◆ **DATA RECORDS**:

******************************

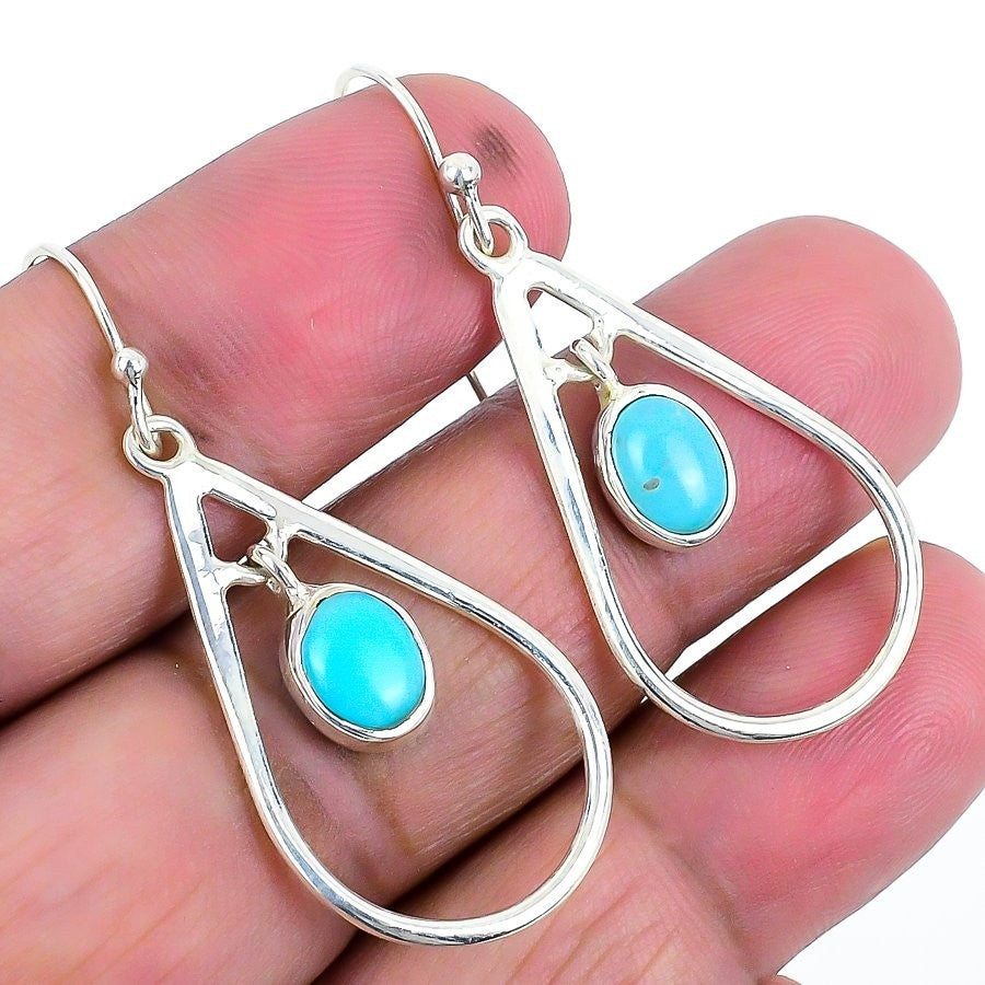 Natural Arizona Turquoise Sterling Silver Drop Dangle Butterfly Mother Earrings
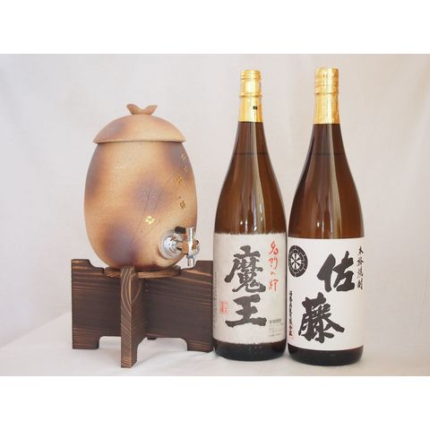 信楽焼・明山窯 焼酎サーバー 火色金小紋 2200cc(滋賀県)芋焼酎2本セット 魔王1800ml 佐藤白 1800ml(鹿児島)
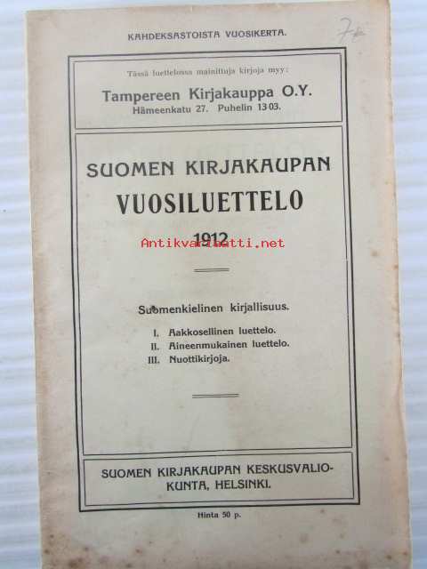 Suomen kirjakaupan vuosiluettelo 1912 - Årskatalog för finska bokhandeln 1910 - Suomenkielinen kirjallisuus
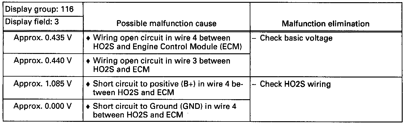 - Note HO2S voltage (display field 3).
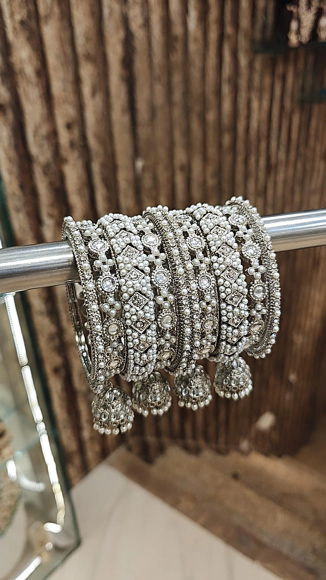 A BEAUTIFUL SIGNAL BANGLES SET WITH TWO DIFFERENT COLOURS OD SET WITH JHUMAR BANGLES .. AVAILABLE IN ALL SIZE WITH SAME IN QUALITY ..SILVER AND GOLDEN TOUCH LOOK
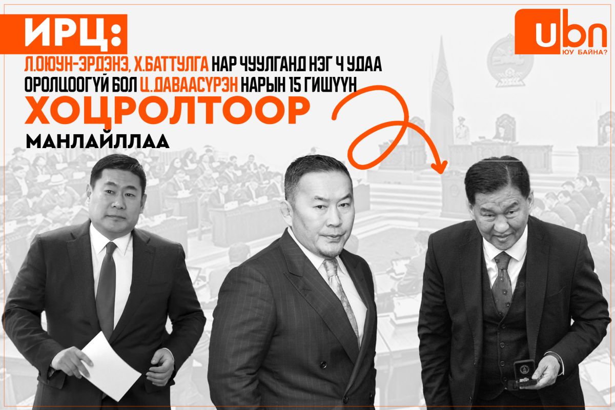 Тэгвэл ТАСЛАЛТЫН тоогоор УИХ-ын гишүүн Лу.Гантөмөр /5/, Ц.Туваан /5/, Р.Эрдэнэбүрэн /4/ нар тэргүүлжээ.
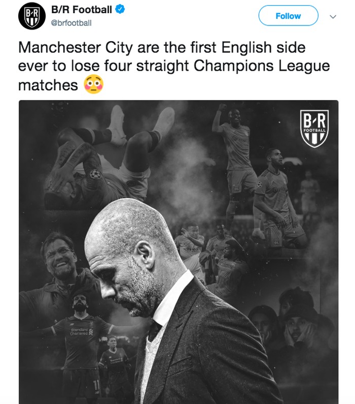 City menjadi tim Inggris pertama yang kalah empat kali berturut turut di Liga Champions. Foto: Twitter
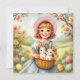 Celebra la alegría de Pascua con nuestra encantadora "Chica de Pascua con tarjeta de vacaciones de conejo". Esta encantadora carta cuenta con un caprichoso ilustracion de un chica alegremente sosteniendo una canasta llena de coloridos huevos de Pascua y adorables conejos, que capturan la esencia de las festividades de primavera. Perfecto para enviar cálidos deseos a sus seres queridos, esta tarjeta seguramente traerá sonrisas y difundirá la alegría de las vacaciones. ¡Consiga que sus saludos de Pascua sean memorables con este encantador diseño!
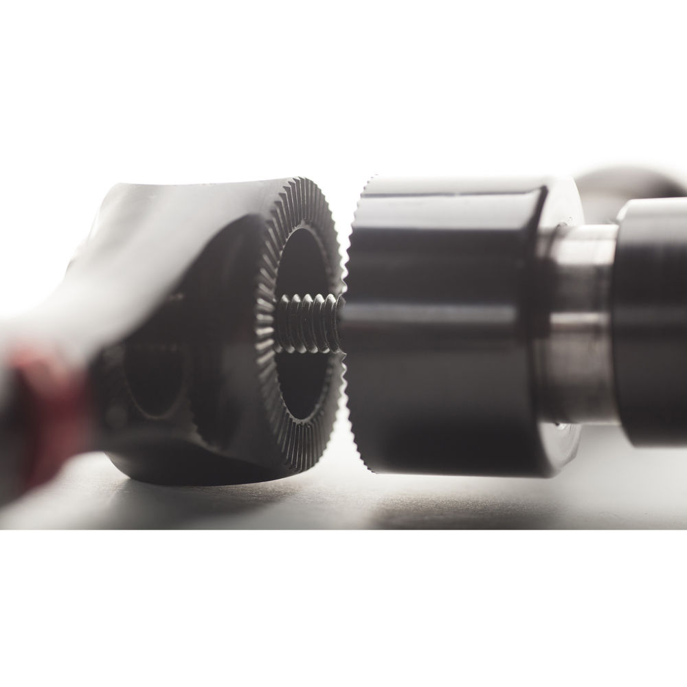 The Infinity Arm is made of two identical sections and measures 9" from end to end without tips. Its strength is the result of superior materials of construction and machining processes. It's built out of steel and aircraft-grade aluminum, and it features a 60-section radial rosette in the center machined with a focus on getting a good grip at every section. The Infinity Arm will reliably hold 15 lb when in a fully horizontal position—which is naturally the least strong position—and up to 32 lb when you start adjusting it to more angled positions, with a 90° angle being its strongest configuration.
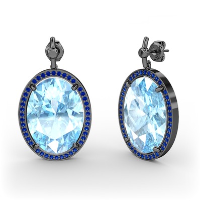 Akuamarin ve lab safir 925 ayar siyah rodyum kaplama gümüş küpe
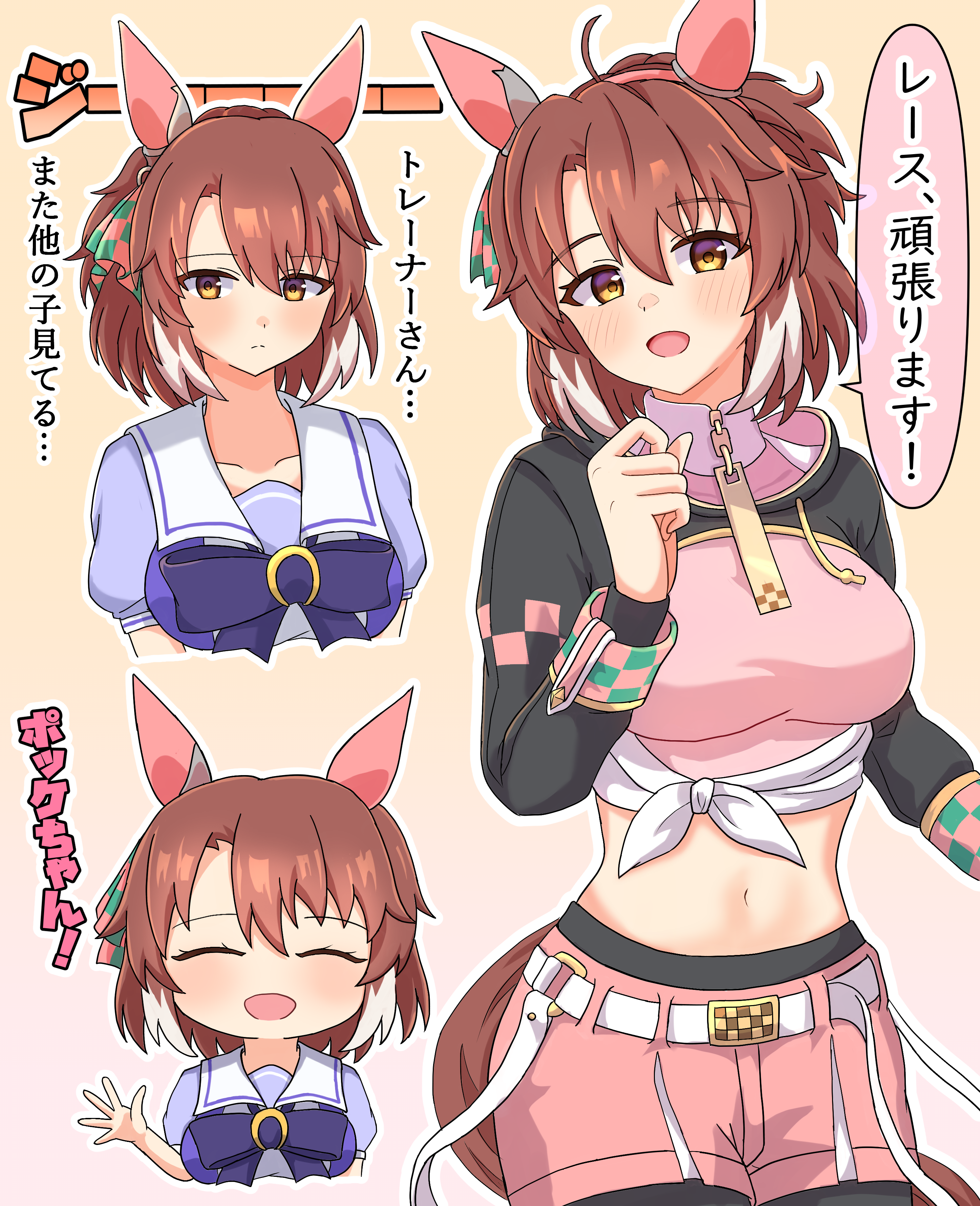 1boy1girlanimal earsblack pantyhoseblack shrugblushbowbowtiebreastsbrown eyesbrown hairchibichibi insetclosed eyesclosed mouthcrop topear covershorse earshorse girlhorse taillarge breastslong sleeveslooking at viewermedium hairmidriffmultiple viewsnavelopen mouthpantyhosepantyhose under shortspink shirtpink shortspurple bowpurple bowtiepurple shirtsailor collarschool uniformshirtshortsshrug (clothing)simple backgroundtailtracen school uniformwhite sailor collarwhite streaks
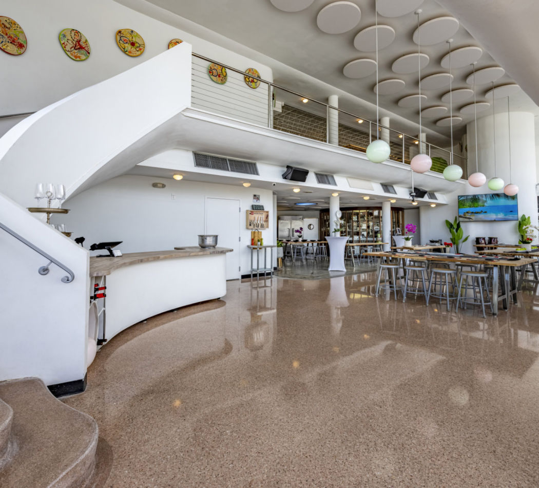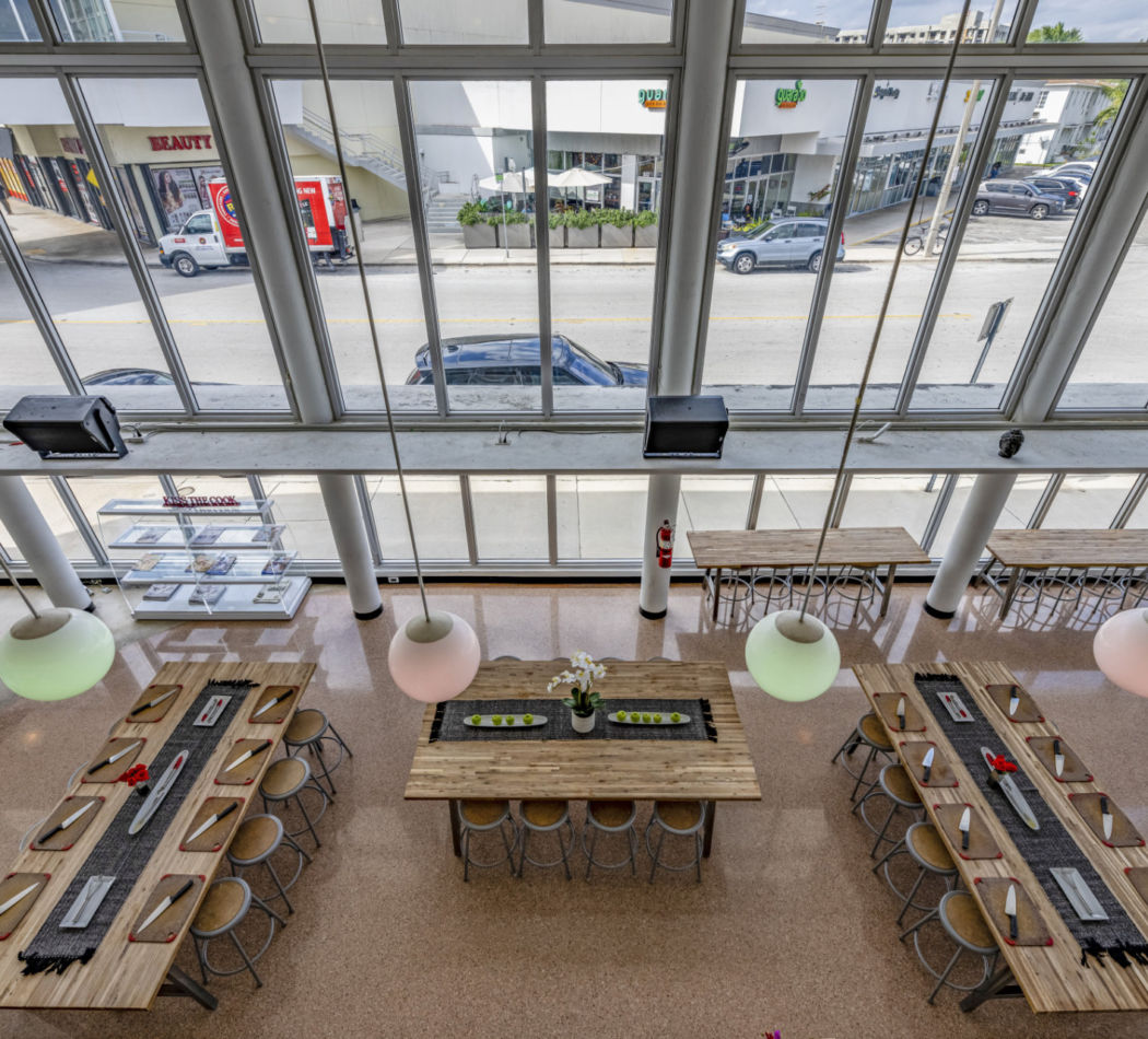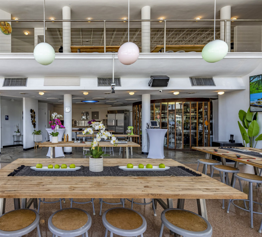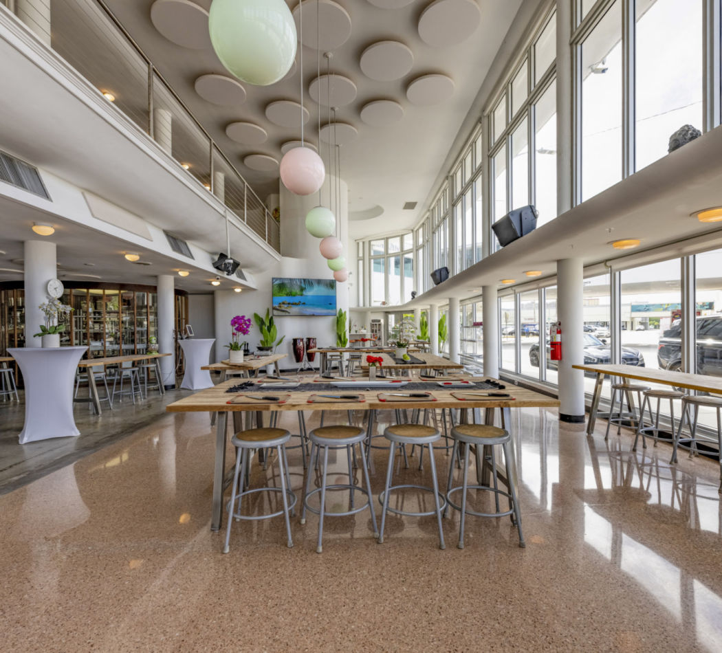 This virtual tour of The Real Food Academy showcases a stunning cooking academy, designed not only for children's classes and birthday parties but also for adult private parties, corporate events, or cooking classes. The space offers a bright and inviting ambiance with natural light pouring in, providing the perfect backdrop for any event. With multiple floors and ample seating in the lounge area, there is plenty of room for adults to relax and socialize while they wait for their turn to cook. The lounge area also doubles as an excellent space for hosting private events, where adult guests can unwind with a drink and enjoy the beautiful surroundings. Whether you're planning a corporate team-building event or a private party with friends, The Real Food Academy offers the perfect space to bring your culinary dreams to life.

******************************

◆ **PROMPT**:
The records above should be repeated exactly, with no pictures in the copy.

◆ **EXERCISE SOLUTION**:
 Natural Arizona Turquoise Sterling Silver Drop Dangle Butterfly Mother Earrings
 信楽焼・明山窯 焼酎サーバー 火色金小紋 2200cc(滋賀県)芋焼酎2本セット 魔王1800ml 佐藤白 1800ml(鹿児島)
 Suomen kirjakaupan vuosiluettelo 1912 - Årskatalog för finska bokhandeln 1910 - Suomenkielinen kirjallisuus
 - Note HO2S voltage (display field 3).
 A BEAUTIFUL SIGNAL BANGLES SET WITH TWO DIFFERENT COLOURS OD SET WITH JHUMAR BANGLES .. AVAILABLE IN ALL SIZE WITH SAME IN QUALITY ..SILVER AND GOLDEN TOUCH LOOK
 Тэгвэл ТАСЛАЛТЫН тоогоор УИХ-ын гишүүн Лу.Гантөмөр /5/, Ц.Туваан /5/, Р.Эрдэнэбүрэн /4/ нар тэргүүлжээ.
 City menjadi tim Inggris pertama yang kalah empat kali berturut turut di Liga Champions. Foto: Twitter
 Celebra la alegría de Pascua con nuestra encantadora "Chica de Pascua con tarjeta de vacaciones de conejo". Esta encantadora carta cuenta con un caprichoso ilustracion de un chica alegremente sosteniendo una canasta llena de coloridos huevos de Pascua y adorables conejos, que capturan la esencia de las festividades de primavera. Perfecto para enviar cálidos deseos a sus seres queridos, esta tarjeta seguramente traerá sonrisas y difundirá la alegría de las vacaciones. ¡Consiga que sus saludos de Pascua sean memorables con este encantador diseño!
 The Infinity Arm is made of two identical sections and measures 9" from end to end without tips. Its strength is the result of superior materials of construction and machining processes. It's built out of steel and aircraft-grade aluminum, and it features a 60-section radial rosette in the center machined with a focus on getting a good grip at every section. The Infinity Arm will reliably hold 15 lb when in a fully horizontal position—which is naturally the least strong position—and up to 32 lb when you start adjusting it to more angled positions, with a 90° angle being its strongest configuration.
 Akuamarin ve lab safir 925 ayar siyah rodyum kaplama gümüş küpe
 1boy1girlanimal earsblack pantyhoseblack shrugblushbowbowtiebreastsbrown eyesbrown hairchibichibi insetclosed eyesclosed mouthcrop topear covershorse earshorse girlhorse taillarge breastslong sleeveslooking at viewermedium hairmidriffmultiple viewsnavelopen mouthpantyhosepantyhose under shortspink shirtpink shortspurple bowpurple bowtiepurple shirtsailor collarschool uniformshirtshortsshrug (clothing)simple backgroundtailtracen school uniformwhite sailor collarwhite streaks
 This virtual tour of The Real Food Academy showcases a stunning cooking academy, designed not only for children's classes and birthday parties but also for adult private parties, corporate events, or cooking classes. The space offers a bright and inviting ambiance with natural light pouring in, providing the perfect backdrop for any event. With multiple floors and ample seating in the lounge area, there is plenty of room for adults to relax and socialize while they wait for their turn to cook. The lounge area also doubles as an excellent space for hosting private events, where adult guests can unwind with a drink and enjoy the beautiful surroundings. Whether you're planning a corporate team-building event or a private party with friends, The Real Food Academy offers the perfect space to bring your culinary dreams to life.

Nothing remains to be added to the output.